What needs to be done: Return the lines of the listing below exactly as they appear, beginning at the one with "Может быть подключен" and stopping after the one with "春季绿色连衣裙,百褶白色蕾丝裙摆,很飘逸好看。"; do not include pictures.

Exercise input:
>>>>
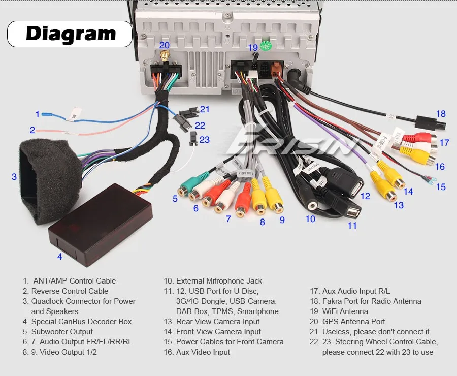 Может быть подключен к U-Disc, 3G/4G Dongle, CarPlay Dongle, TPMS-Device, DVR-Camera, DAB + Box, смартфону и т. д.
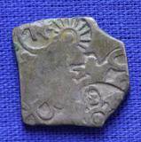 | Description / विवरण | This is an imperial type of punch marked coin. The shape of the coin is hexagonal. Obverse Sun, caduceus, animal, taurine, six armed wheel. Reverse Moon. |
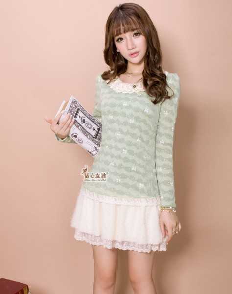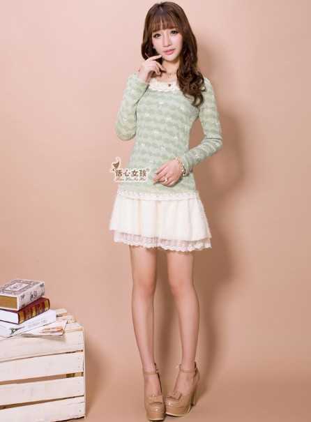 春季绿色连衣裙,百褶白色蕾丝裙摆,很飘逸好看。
<<<<
>>>>
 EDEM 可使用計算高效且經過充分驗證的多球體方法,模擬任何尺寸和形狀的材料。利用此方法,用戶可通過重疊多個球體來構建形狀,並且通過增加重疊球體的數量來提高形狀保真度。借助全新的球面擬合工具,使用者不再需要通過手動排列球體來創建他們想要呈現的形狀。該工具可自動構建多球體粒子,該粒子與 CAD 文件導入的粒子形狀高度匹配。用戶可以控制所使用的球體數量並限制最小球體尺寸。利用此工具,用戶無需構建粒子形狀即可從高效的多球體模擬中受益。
<<<<
>>>>
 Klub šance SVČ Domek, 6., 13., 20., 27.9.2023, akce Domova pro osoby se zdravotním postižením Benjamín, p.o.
<<<<
Exercise response:
 Может быть подключен к U-Disc, 3G/4G Dongle, CarPlay Dongle, TPMS-Device, DVR-Camera, DAB + Box, смартфону и т. д.
 | Description / विवरण | This is an imperial type of punch marked coin. The shape of the coin is hexagonal. Obverse Sun, caduceus, animal, taurine, six armed wheel. Reverse Moon. |
 春季绿色连衣裙,百褶白色蕾丝裙摆,很飘逸好看。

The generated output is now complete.